Ngahina Hohaia was raised at Parihaka and within the wider tribal communities of Taranaki. The influence of her upbringing is evident in many of her works, which speak defiantly back into the oppressive colonial history of Taranaki and the continuing impacts of the land confiscations on the descendants of Taranaki.
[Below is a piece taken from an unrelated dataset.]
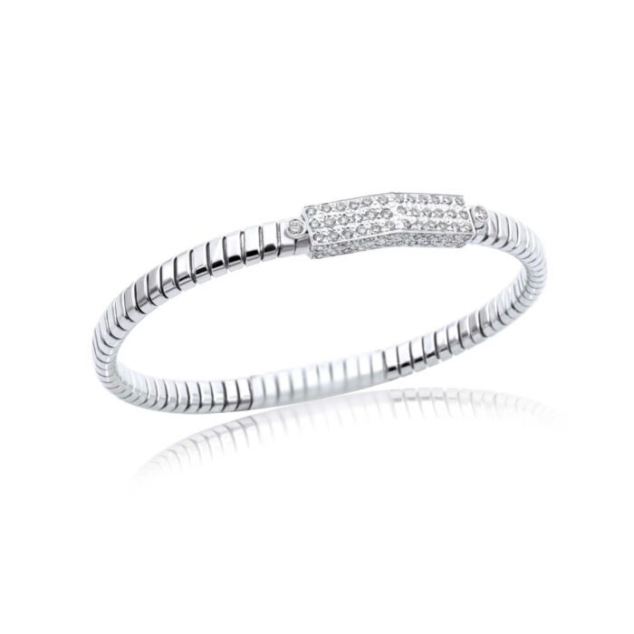 - 設計: 靈活的矩形手鐲,密鑲莫桑石鑽石

Hohaia draws inspiration from the Taranaki tradition of poi manu – the ceremonial use of poi that maintains the rhythmic timing of recitation of whakapapa genealogy and karakia incantations while the movement of the poi carries the storyline.
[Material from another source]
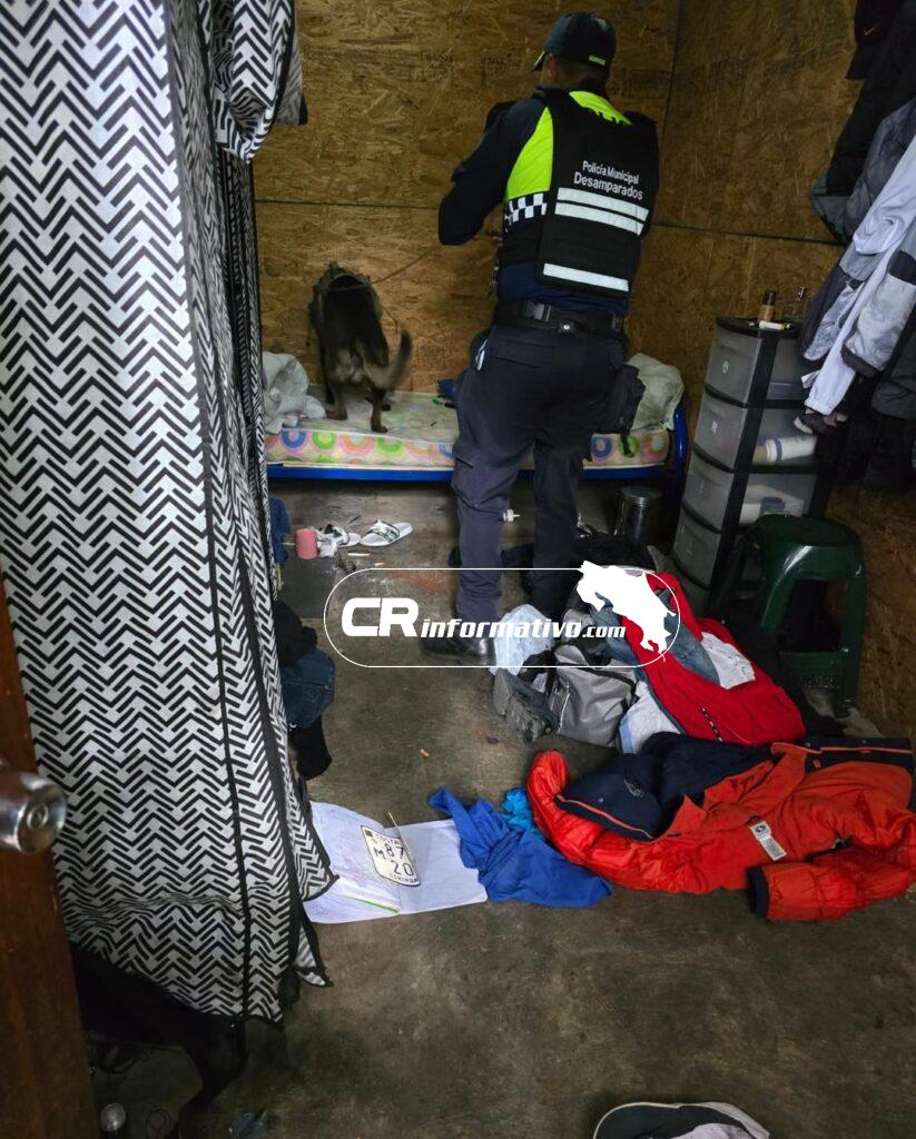 Por solicitud de la Fiscalía, se contó con el apoyo especializado de la Unidad K-9, participando dos guías caninos junto a los ejemplares Kronos y Luke, quienes efectuaron una inspección exhaustiva en el interior de las tres estructuras.

Hohaia’s works are often shown en masse as large installations, the symbols on the poi creating an embroidered narrative drawn from the oral traditions of Parihaka.1 The shackled hands on this poi speak to histories of dispossession and colonial aggression, met with resilience and non-violent resistance. The poi is made from a recycled, 100 percent New Zealand wool blanket, a material Hohaia uses to reference the imbalance of wealth and power acquired through colonial violence. As Hohaia has written of her poi manu artworks, they ‘in part become a by-product of the New Zealand economy built on the alienation of Māori land’.2
1 As discussed by Raureti Te Huia, ‘Mobile Unit. Māori History’, Ngā Taonga Sound & Vision (ngataonga.org.nz/collections/ catalogue/catalogue-item?record_id=236113, accessed 22 March 2023).
2 See, for example, a discussion of the rūnanga at Kihikihi in Whetu o te Tau, 1 September 1858, p. 2.